(Records contained in a dataset)
-- -- --

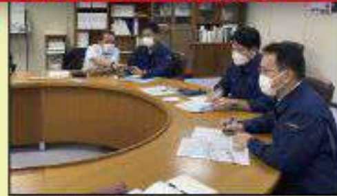
県政クラブで県庁から災害状況を聴取
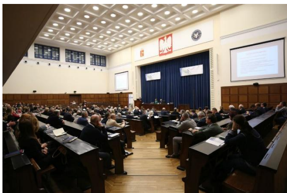
Fot. 3. Czwarty Kongres Nauk Sądowych
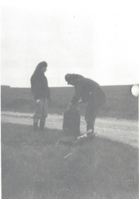
Aktion „Saubere Landschaft“
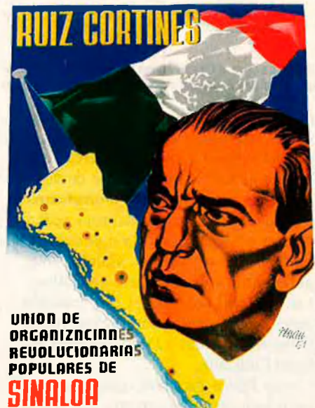
Cartell polític Ruiz Cortines , Mèxic, 1951

La secció "Documentació" engloba exclusivament materials escrits o susceptibles de ser transcrits a paper, com ara les gravacions magnetofòniques. El primer apartat s'anomena "Llibres" i hi apareixen els esborranyos originals de Fata Morgana: The American Way of Life , els quals permeten reconstruir el pla original d'aquesta obra. Ací està també un dels projectes que Renau deixà inacabat, el
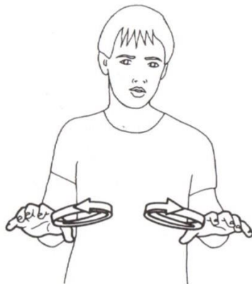
TRAVAILLER 2. © Ivry 1986.
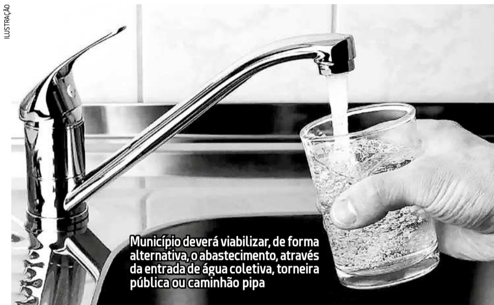
Município deverá viabilizar, de forma alternativa, o abastecimento, através da entrada de água coletiva, torneira pública ou caminhão pipa

A decisão, assinada pela Juíza Rosângela de Cássia Pires Monteiro, da Vara da Fazenda Pública de Jacareí, atende aos pedidos feitos pela Defensoria em uma ação civil pública, através do Defensor Bruno Miragaia, responsável pela ação.
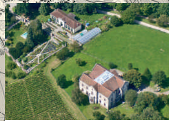
Neues Schloss Teufen und Orangerie.
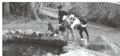
お昼ご飯をGET! ます釣り体験
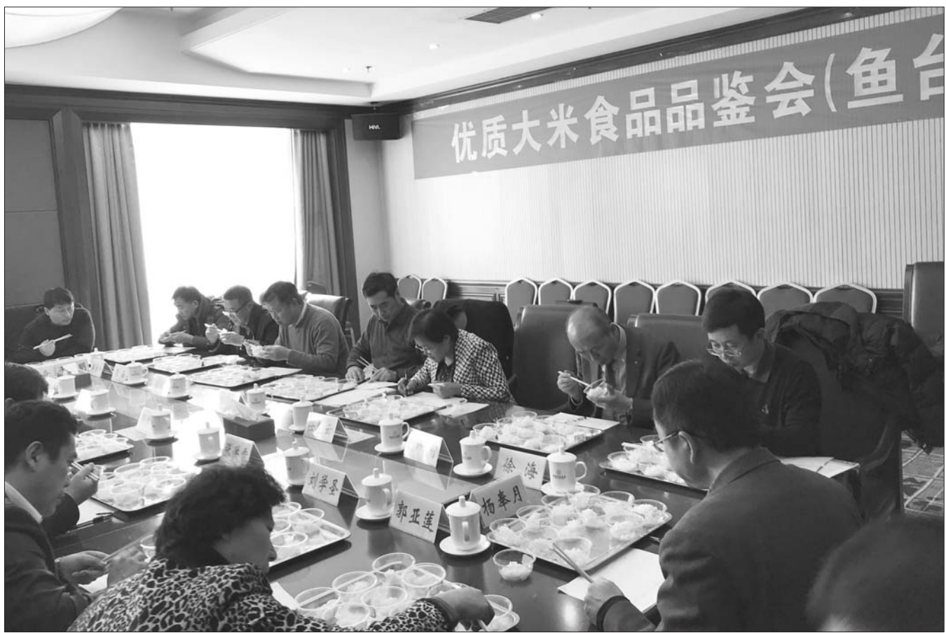
17位专家现场品鉴国内外12种稻米品种。

鱼台县为对稻米产业提档升级,于2017年制定了《鱼台县绿色稻米产业发展规划》,以提高稻米食味为重点,开展水稻品质提升工程。采取“合作社龙头企业基地”的生
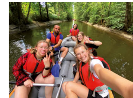
Při sportovních a turistických kurzech čekají na žáky nejrůznější sportovní disciplíny včetně atraktivní plavby na raftech.
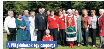
A Világklubosok egy csoportja
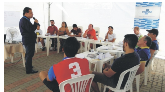
28 e 29/04 - 2º Feiccamp
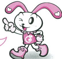
調布社協キャラクター ちょビット
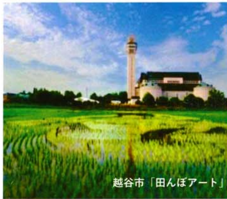
越谷市「田んぼアート」
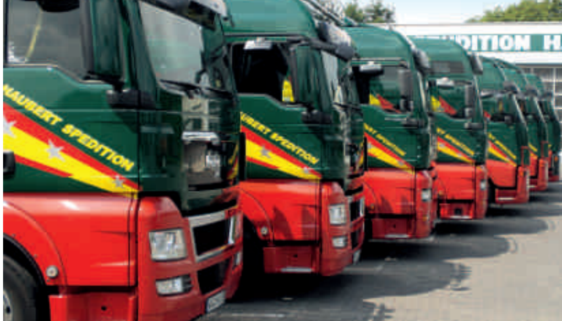
Die kleine, hochmoderne Flotte besteht aus Volvo und MAN mit Euro-5-Technologie.

Unternehmen ist es extrem schwierig, sich auf die Minute genau an die Sozialvorschriften zu halten.“
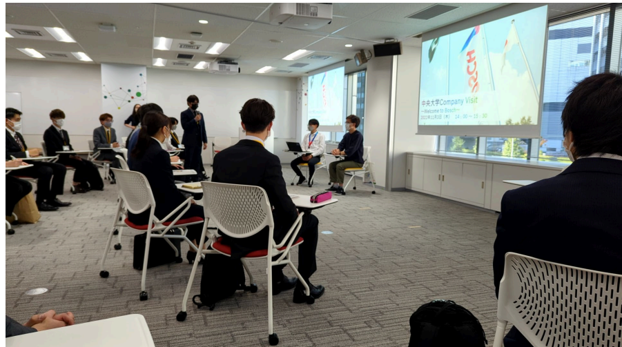
一年生参加学生による開式の挨拶

質疑応答の時間の後には社内を見学させていただくという学生ではなかなか得られ難い経験をさせていただいた。本訪問でお世話になった担当の方々、実りのある時間をありがとうございました。
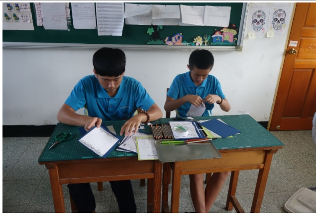
製作屬於自己的旅遊小書
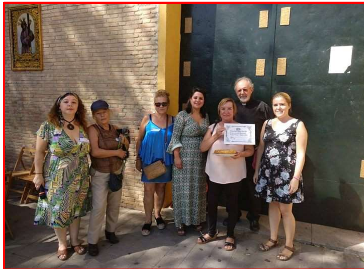
Asistencia convivencia Bda. Santa Teresa 07/10/18
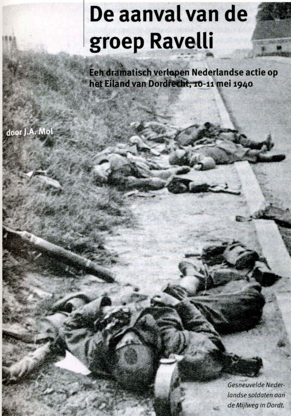
Gesneuvelde Nederlandse soldaten aan de Mijlweg in Dordt.
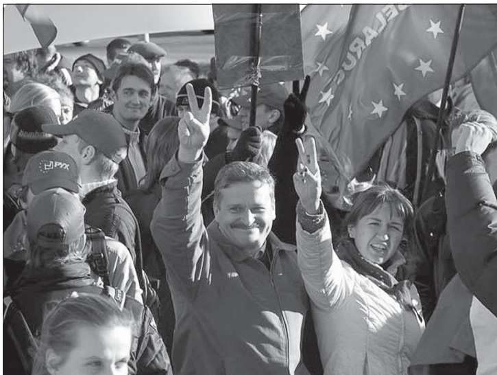
Еўрапейскі Марш, 14 кастрычніка, Менск
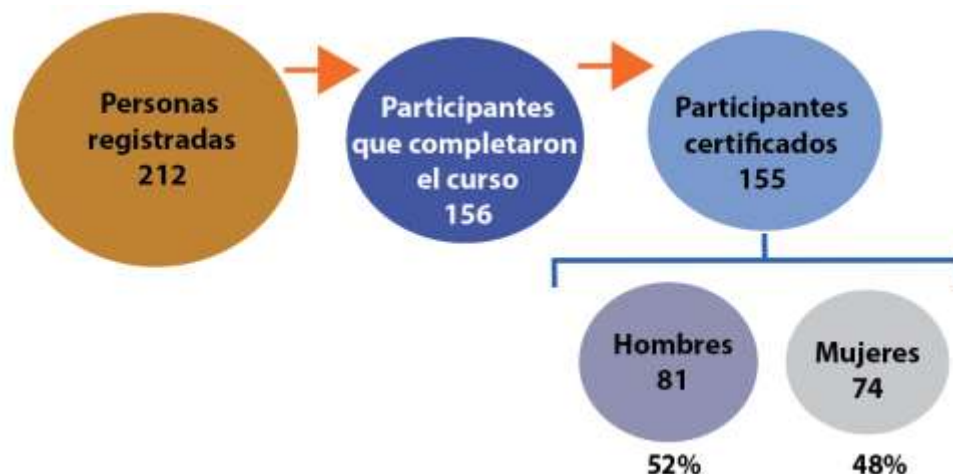
Gráfico No. 2 Personas registradas y certificadas
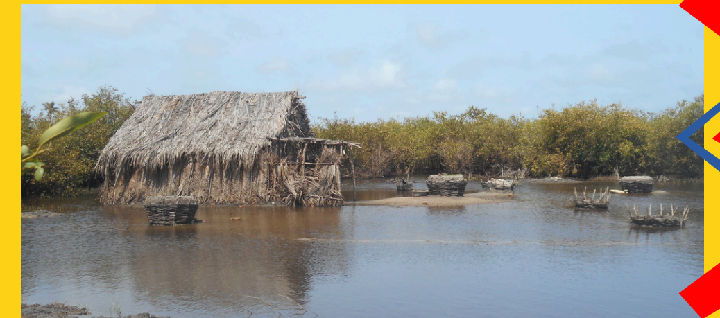
Pływające miasto

Pływające miasto Ganvié - Ganvié to całe miasto zbudowane na wodzie, na jeziorze Nokoué. Domy stoją na palach, a mieszkańcy poruszają się wyłącznie łodziami. Miasto zostało założone około XVII wieku przez lud Tofinu, którzy uciekali przed handlarzami niewolników z imperium Dahomeju. Wierzenia tamtych ludów zabraniały prowadzenia wojen na wodzie, dlatego Tofinu budując swoje domy na palach pośrodku jeziora, chronili się przed porwaniami i niewolą. Szacuje się, że ponad milion osób zostało stąd wywiezionych głównie do Ameryk. Do dziś zachowała się tzw. „Droga Niewolników”, którą prowadzono jeńców na statki. Ganvié jest jednym z największych pływających osiedli na świecie i liczy dziś ponad 20 000 mieszkańców.
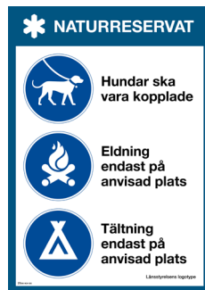
Serieskylt Hundar, eldning, tältning Nr 416 210x297 mm
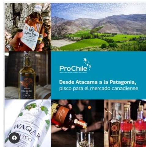
Canadá: Masterclass virtual Cata Virtual Pisco y Gin
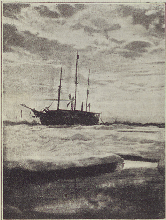
Egy nyári est.

életben haladunk előre és soha visszafelé nem megyünk. Mindnyájan megható figyelmességet ta-
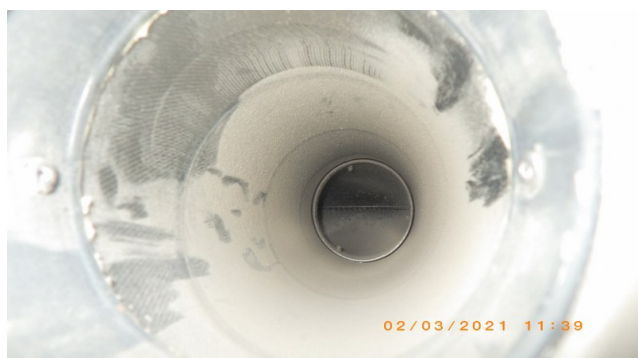
Enne A ja B-korpus
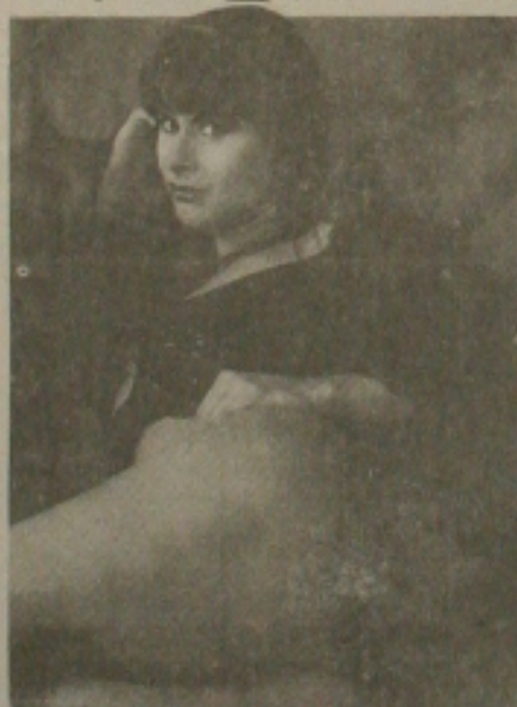
A atriz teve um caso com Fausto Silva que durou dois meses
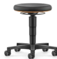
9463 / 9463E / 9463L / 9463R
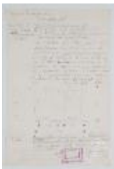
Taller composición. Desarrollo real (3-10021)
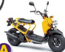
A Honda Zoomer 50 18 4s 5.2
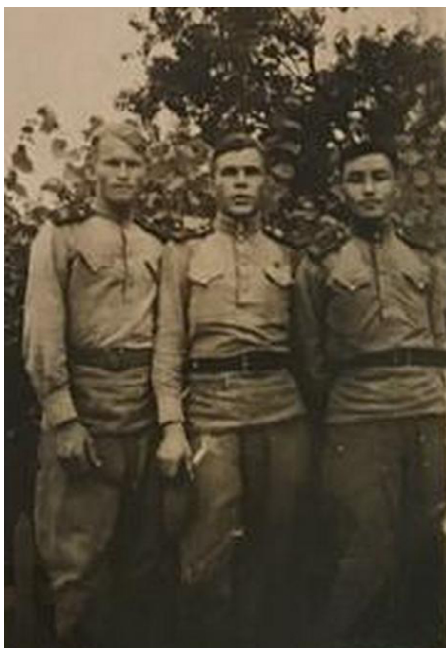
«Жауынгермін, елін жаудан қорғаған!» (оң жақта)
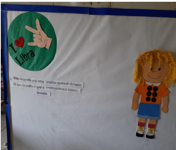
Figura 10: Rotina diária e numerais.
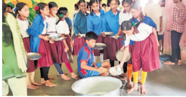
తోటి విద్యార్థులకు వడ్డిస్తున్న విద్యార్థులు
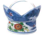
ソ246-32-2 三ツ山珍味 (φ8.5×6cm) ¥1,550 1204221029
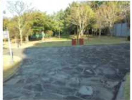
체험관 옆 내리막 시작(35m/ 9도)/ 연자방아(야외전시)/ 갈림길 좌측 (w.p49->52)
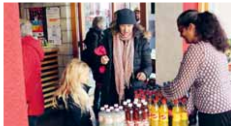
Boissons et pop-corn attendent les participants à l'entrée du Cinématographe le 17 décembre dernier.

Cette initiative signée du groupe TCS Juniors Romandie a permis au garçon de 15 ans de recevoir le premier prix, soit un bon de 500 fr.
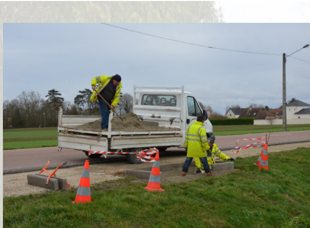
Création de parterres floraux Ave. des Martyrs
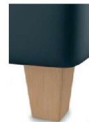
H 17-10 H 17-15 Holzfuß natur lackiert preisgleich

-- -- --

HOW TO COMPLETE THIS TASK ▸
Go down the entries above from the line containing "A decisão, assinada" to the line containing "Serieskylt Hundar, eldning, tältning" and write out each line exactly, leaving pictures out.

THE COMPLETED TASK ▸
A decisão, assinada pela Juíza Rosângela de Cássia Pires Monteiro, da Vara da Fazenda Pública de Jacareí, atende aos pedidos feitos pela Defensoria em uma ação civil pública, através do Defensor Bruno Miragaia, responsável pela ação.
Neues Schloss Teufen und Orangerie.
お昼ご飯をGET! ます釣り体験
17位专家现场品鉴国内外12种稻米品种。

鱼台县为对稻米产业提档升级,于2017年制定了《鱼台县绿色稻米产业发展规划》,以提高稻米食味为重点,开展水稻品质提升工程。采取“合作社龙头企业基地”的生
Při sportovních a turistických kurzech čekají na žáky nejrůznější sportovní disciplíny včetně atraktivní plavby na raftech.
A Világklubosok egy csoportja
28 e 29/04 - 2º Feiccamp
調布社協キャラクター ちょビット
越谷市「田んぼアート」
Die kleine, hochmoderne Flotte besteht aus Volvo und MAN mit Euro-5-Technologie.

Unternehmen ist es extrem schwierig, sich auf die Minute genau an die Sozialvorschriften zu halten.“
一年生参加学生による開式の挨拶

質疑応答の時間の後には社内を見学させていただくという学生ではなかなか得られ難い経験をさせていただいた。本訪問でお世話になった担当の方々、実りのある時間をありがとうございました。
製作屬於自己的旅遊小書
Asistencia convivencia Bda. Santa Teresa 07/10/18
Gesneuvelde Nederlandse soldaten aan de Mijlweg in Dordt.
Еўрапейскі Марш, 14 кастрычніка, Менск
Gráfico No. 2 Personas registradas y certificadas
Pływające miasto

Pływające miasto Ganvié - Ganvié to całe miasto zbudowane na wodzie, na jeziorze Nokoué. Domy stoją na palach, a mieszkańcy poruszają się wyłącznie łodziami. Miasto zostało założone około XVII wieku przez lud Tofinu, którzy uciekali przed handlarzami niewolników z imperium Dahomeju. Wierzenia tamtych ludów zabraniały prowadzenia wojen na wodzie, dlatego Tofinu budując swoje domy na palach pośrodku jeziora, chronili się przed porwaniami i niewolą. Szacuje się, że ponad milion osób zostało stąd wywiezionych głównie do Ameryk. Do dziś zachowała się tzw. „Droga Niewolników”, którą prowadzono jeńców na statki. Ganvié jest jednym z największych pływających osiedli na świecie i liczy dziś ponad 20 000 mieszkańców.
Serieskylt Hundar, eldning, tältning Nr 416 210x297 mm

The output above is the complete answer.